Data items
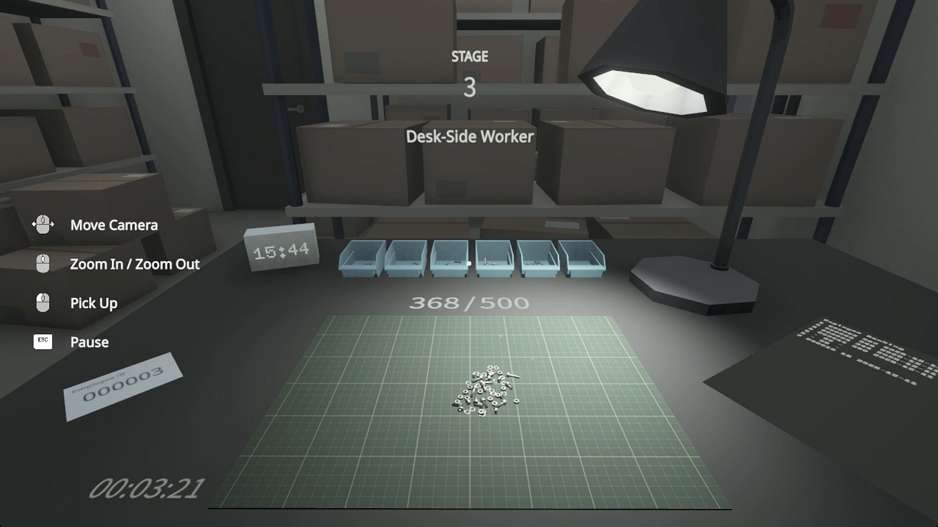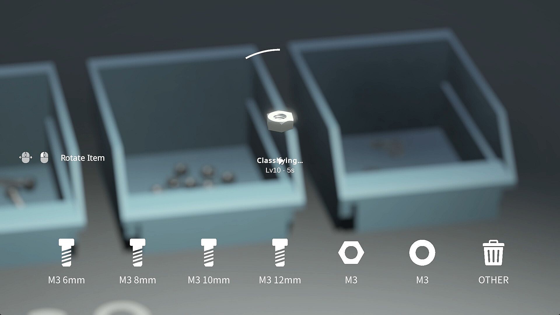 A single, mind-numbingly simple task awaits you: sorting scattered parts on a desk by type.
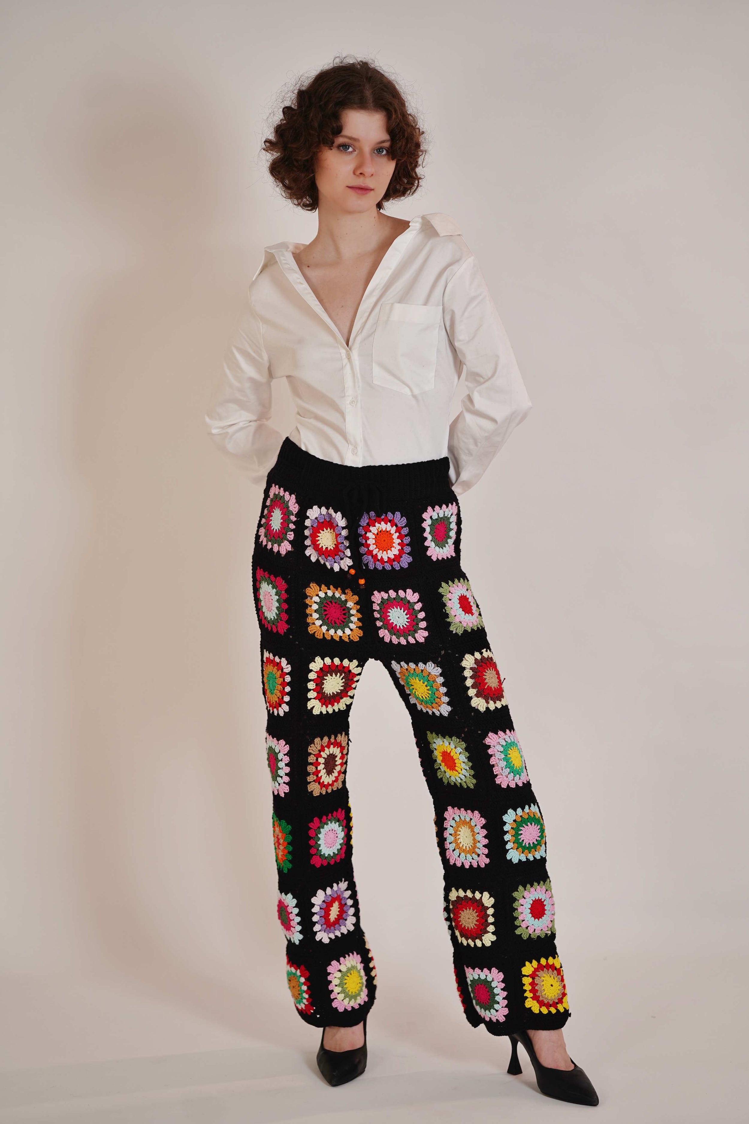 Hand Crocheted Granny Square Patchwork Pant. Each intricately crafted square tells a story of skilled hands and creative spirit. The vibrant patchwork design creates a visually stunning mosaic, making these pants a wearable masterpiece. With an elasticized waistband for comfort and a wide-leg silhouette for easy movement, these pants combine style and practicality effortlessly. Elevate your wardrobe with this unique piece that celebrates individuality and craftsmanship.
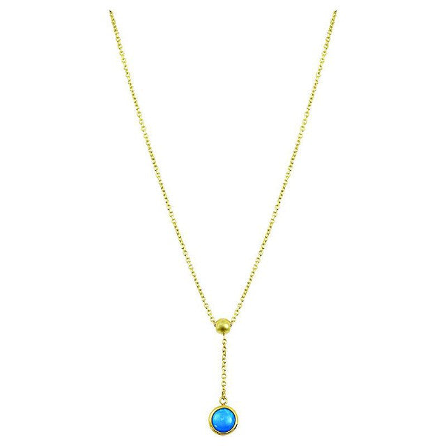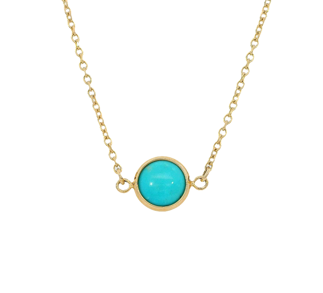 14k Yellow Gold Round Turquoise Single Gemstone Necklace
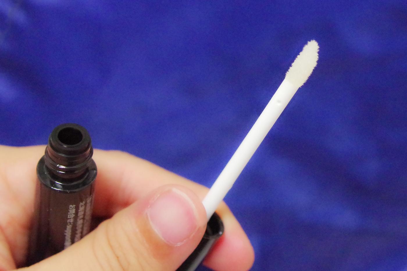 容器をよく振り、容器の口でしっかりと筆をしごき、美容液の量を調節してください。
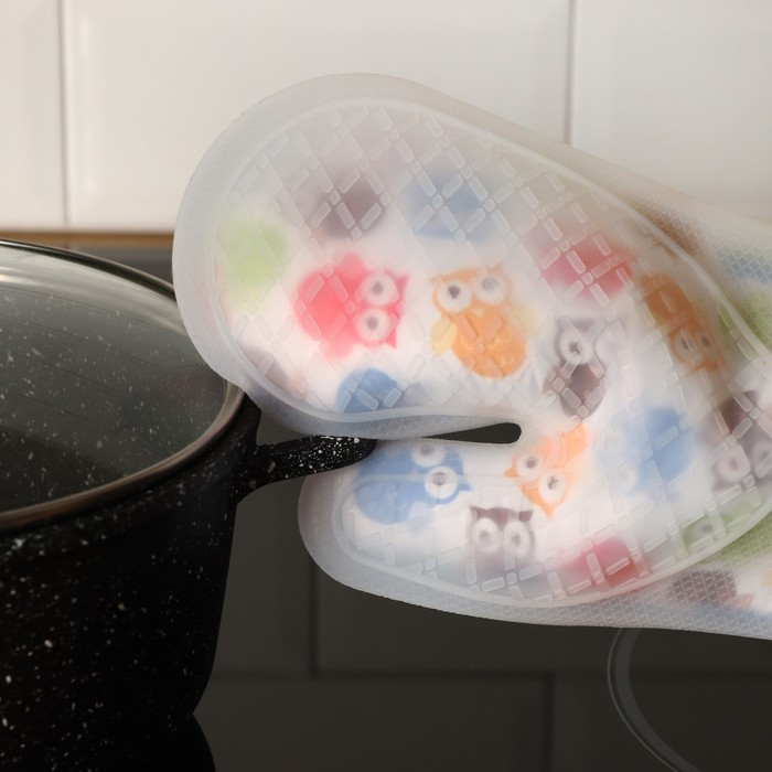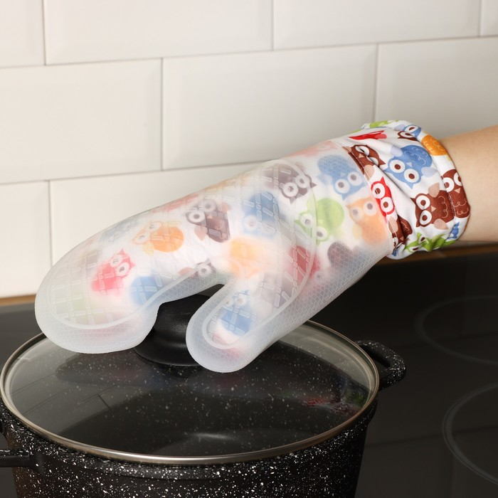 Рукавица для горячего Доляна «Совы», силикон, 28×19 см
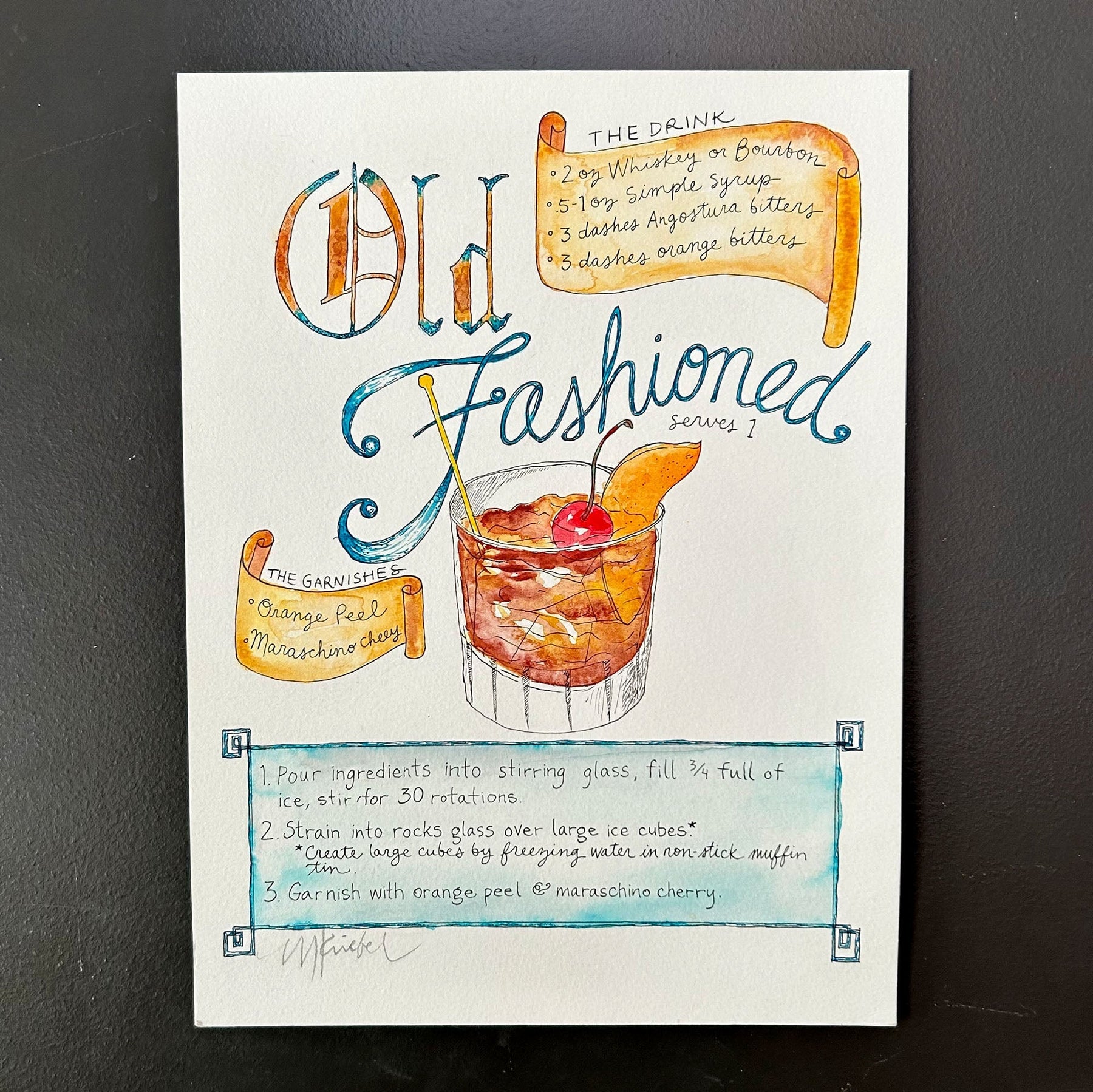 This original watercolor painting of a Manhattan in a coupe glass with a cherry is on 300lb 9"x12" cold press watercolor paper.
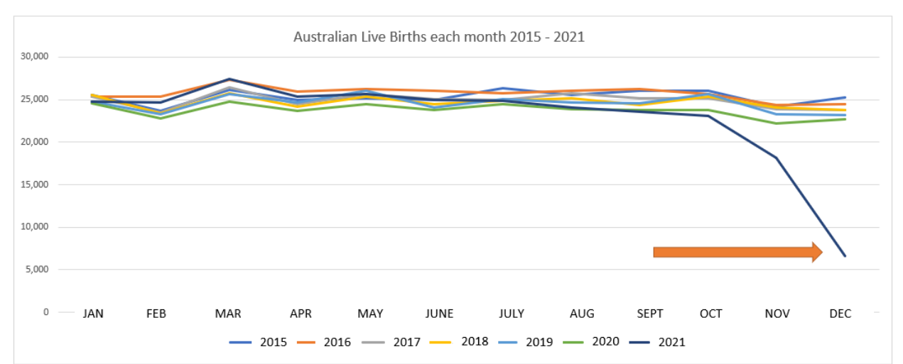 The ABS data cited by Senator Roberts indeed shows that, after an uneventful first 10 months, registrations of births (by date of occurrence) were lower in the last two months of 2021.
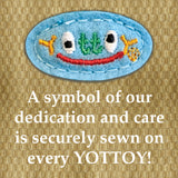 Shorter and plumper than his friend Frog, Toad sits with open arms, snuggly soft in his fully lined green furry jacket with black felt buttons and red hand-stitches, tan pique pants, and grosgrain ribbon belt. Made of caramel-colored soft plush, detailed embroidered eyes with a heartfelt expression, it's hard to resist giving Toad the warm hug he longs for.
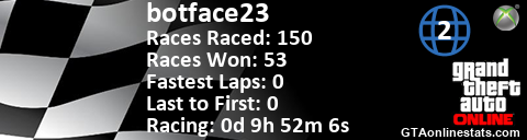 [URL=http://GTAonlinestats.com/showplayer/botface23/2][IMG]http://GTAonlinestats.com/racesignature/botface23/2/sig.png[/IMG][/URL]
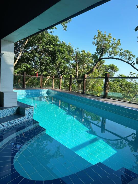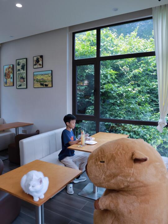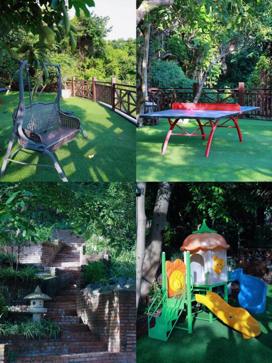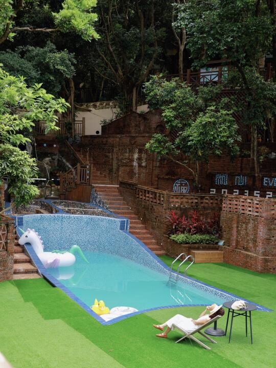 🔹设施丰富,餐厅+天然山水泳池+房间泡池+户外花园温泉+儿童游玩设施+猫咖,在民宿里就可以玩上半天了,还有超多好看的打卡机位
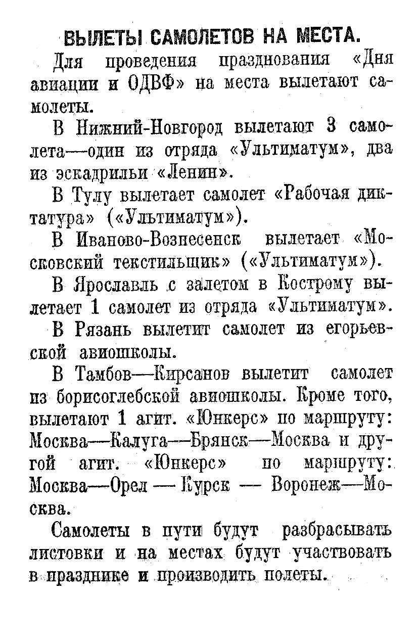 Воздушное сообщение в местности, где нет никах других видов транспорта, над районами, где не ступала нога человека, таящими в недрах своих огромные богатства, — окажет неоценимую услугу экономике Союза.

● Task goal
Repeat the data word for word, excluding any image.

● Expected answer
 A single, mind-numbingly simple task awaits you: sorting scattered parts on a desk by type.
 Hand Crocheted Granny Square Patchwork Pant. Each intricately crafted square tells a story of skilled hands and creative spirit. The vibrant patchwork design creates a visually stunning mosaic, making these pants a wearable masterpiece. With an elasticized waistband for comfort and a wide-leg silhouette for easy movement, these pants combine style and practicality effortlessly. Elevate your wardrobe with this unique piece that celebrates individuality and craftsmanship.
 14k Yellow Gold Round Turquoise Single Gemstone Necklace
 容器をよく振り、容器の口でしっかりと筆をしごき、美容液の量を調節してください。
 Рукавица для горячего Доляна «Совы», силикон, 28×19 см
 This original watercolor painting of a Manhattan in a coupe glass with a cherry is on 300lb 9"x12" cold press watercolor paper.
 The ABS data cited by Senator Roberts indeed shows that, after an uneventful first 10 months, registrations of births (by date of occurrence) were lower in the last two months of 2021.
 Shorter and plumper than his friend Frog, Toad sits with open arms, snuggly soft in his fully lined green furry jacket with black felt buttons and red hand-stitches, tan pique pants, and grosgrain ribbon belt. Made of caramel-colored soft plush, detailed embroidered eyes with a heartfelt expression, it's hard to resist giving Toad the warm hug he longs for.
 [URL=http://GTAonlinestats.com/showplayer/botface23/2][IMG]http://GTAonlinestats.com/racesignature/botface23/2/sig.png[/IMG][/URL]
 🔹设施丰富,餐厅+天然山水泳池+房间泡池+户外花园温泉+儿童游玩设施+猫咖,在民宿里就可以玩上半天了,还有超多好看的打卡机位
 Воздушное сообщение в местности, где нет никах других видов транспорта, над районами, где не ступала нога человека, таящими в недрах своих огромные богатства, — окажет неоценимую услугу экономике Союза.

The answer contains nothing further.